Context matters. It is tempting to identify risks that, while real, are not relevant to your context. There are some risks that are simply too large or too derivative to spend time analyzing.
For example, a regional chain of grocery stores might initially identify changes to food labelling as a regulatory risk. The grocery store chain lacks the resources to comment or influence the regulatory process. More important, as a retailer the labeling law does not change how they sell food products.
The law and changes to it certainly affect their suppliers and the food producers. In the end, they correctly decide that their context allows them to take this risk off the list.
What is your organization’s external context? At first glance, this might seem like a vague notion, but the external context means those outside factors which relate to your organization’s objectives.
To give shape to your external context identify market forces, trends or drivers, or dependencies.
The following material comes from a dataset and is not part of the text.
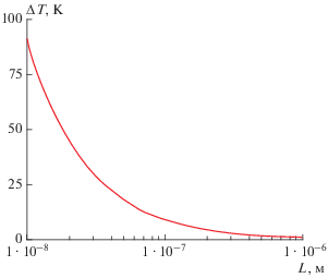 На рис. 2 построены зависимости смещения характерных температур ∆T = f(L), рассчитанных по формуле (9), для образца сплава Гейслера состава Ni50Mn18.5Ga25Cu6.5 в виде куба со стороной L в диапазоне 10–6–10–8 м. Здесь видно, что образец размером 1 мкм будет испытывать увеличение характерных температур на 0.9 градуса, размером 100 нм – 8.9 градуса, 10 нм – 91 градус. Уменьшение размера образца до 50 нм смещает характерные температуры до 17.9 К, а до 1 нм – до 893 К.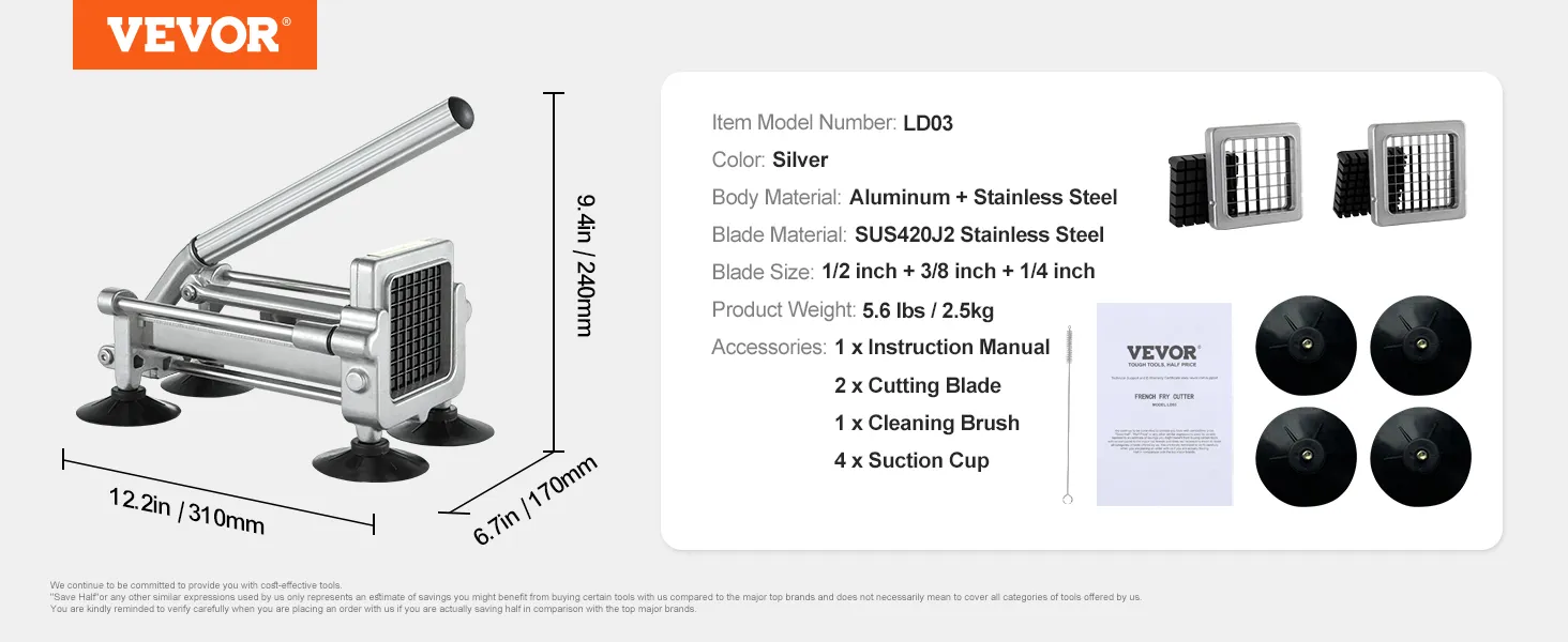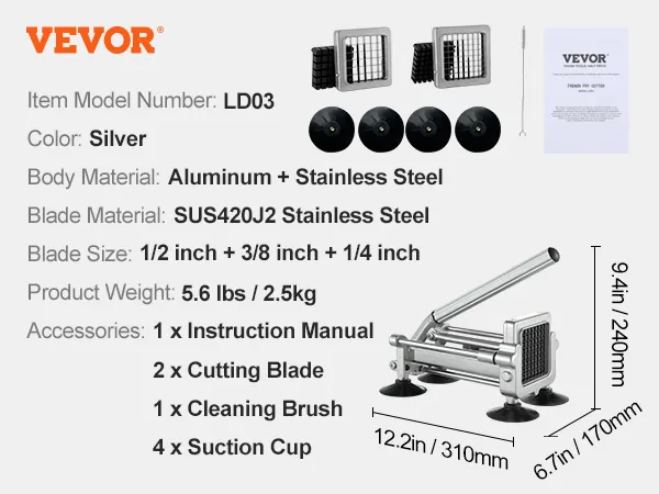 VEVOR French Fry Cutter, Potato Slicer with 1/2" 3/8" 1/4" Stainless Steel Blades, Manual Potato Cutter Chopper with Suction Cups, Great for Potato, French Fries, Cucumber, Vegetables, Carrot

There are many potential market forces. You might ask the following types of questions:
- Does your organization compete in a regulated industry, such as financial services, health care, or transportation?
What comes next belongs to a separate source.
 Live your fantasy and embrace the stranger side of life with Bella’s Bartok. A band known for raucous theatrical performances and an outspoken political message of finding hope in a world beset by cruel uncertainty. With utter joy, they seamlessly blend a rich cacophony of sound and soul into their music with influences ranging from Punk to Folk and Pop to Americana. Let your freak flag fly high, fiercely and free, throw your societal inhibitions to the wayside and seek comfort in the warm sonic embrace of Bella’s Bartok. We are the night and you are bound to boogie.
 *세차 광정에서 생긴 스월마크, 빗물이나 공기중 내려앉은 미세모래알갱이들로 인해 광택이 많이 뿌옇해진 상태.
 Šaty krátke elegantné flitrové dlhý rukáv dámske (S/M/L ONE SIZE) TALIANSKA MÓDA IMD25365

- Is your industry or related business practices under political scrutiny, such as land use change, fees and charges, or the like.
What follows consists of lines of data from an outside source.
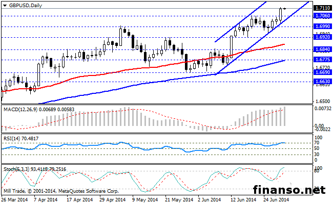 В рамках все еще длящегося возрастания вдоль нижней линии коридора национальная валюта Британии построила значительную «бычью» свечу, которой сумела пробить показатель 1.7060, и консолидировалась над обозначенным значением. Синяя линия на предоставленном ниже графике обозначает 100-периодную простую скользящую среднюю, построенную на основе стоимости завершения торговой сессии. Красная линия обозначает 50-периодную скользящую среднюю, построенную на основе стоимости завершения торгов. Аналитики Форекс-компании «Mill Trade» рассказали корреспондентам интернет-издания «Украина сегодня: Finanso.net» о положении фунта стерлингов на валютном рынке.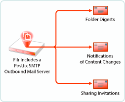 Filr includes a Postfix mail server for outbound email notifications, as illustrated in Figure 6-1.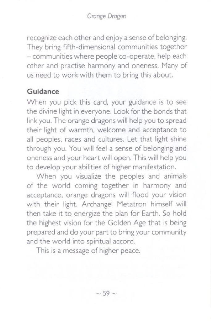 이 카드의 지침은 딥 블루 드래곤들에게 당신이나 사랑하는 사람들을 보호해 달라고 요청하는 것입니다. 걸어가거나 운전하는 길 어디든 자신 앞에서 유영하는 보호의 딥 블루 드래곤 군대를 시각화해보세요. 그들이 당신의 집이나 사무실로 앞서 들어가게 하세요. 그들이 집 아래 땅으로 깊이 잠수하여 모든 낮은 에너지를 흡수하게 요청하세요. 당신 주변 1킬로미터 내 완전히 깨끗한 영역을 유지하도록 부탁하세요. 이러한 일이 실제로 이루어지고 있음을 믿고 안심하세요. 딥 블루 드래곤들이 주변 사람들의 낮은 감정을 변환시켜주기 때문에 이제 더 이상 다른 이들의 무거운 에너지를 뚫고 나아갈 필요가 없습니다. 얼마나 가볍고 행복한지 느껴보세요. 딥 블루 드래곤들에게 쇼핑몰, 학교, 큰 건물, 혹은 그들이 필요하다고 느끼는 곳 어디든 잠수하여 복잡한 진동을 소멸시켜달라고 요청함으로써 이 행성에 기여할 수 있습니다.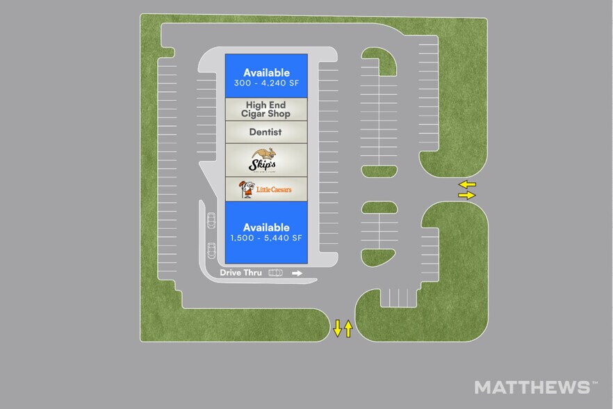 - Endcap with Drive-Thru: Prime endcap position featuring drive-thru infrastructure, ideal for high-demand retail or QSR users.

- Are their important technical standards that influence your assessment of legal risk?
- Is your organization local, regional, national, or global?
- Is the organization public or private? How does its ownership affect the context?
Long term trends can influence how we understand the external context for risk. Those trends should be at the appropriate level and intersect with legal risk.
Dependencies can magnify both likelihood and consequences ratings. So it is important to identify them in our assessment of the external context.
For example, if the organization relies on a single supplier for a key component of our production process and it is difficult to switch, then a breach of contract risk would automatically impose more risk than a similar claim with a commodity supplier.
The internal context can be just as complex (sometimes more so) as the external environment. We will focus on three major areas: objectives, structure, and systems.
Since the definition of risk is “the effect of uncertainty on objectives” we must list the organization’s objectives. Recall that the “organization” might be the entire company, division, department, or team. At whatever scale, we need to identify the objective.
To the extent, the organization’s structure is relevant, we should include it in the discussion of the internal context.
A foreign affiliate might be subject to an intellectual property claim, but the nature of the affiliate and the jurisdiction in question might mean that the risk is inherently low.
Whereas, the same claim in our primary jurisdiction against the Research & Development subsidiary, might have significantly graver consequences.
Understanding our internal systems is important for two different reasons. First, they can be a useful source of quantitative data to improve our qualitative judgement about likelihood and consequences.
Second, our internal systems can both control and create risk.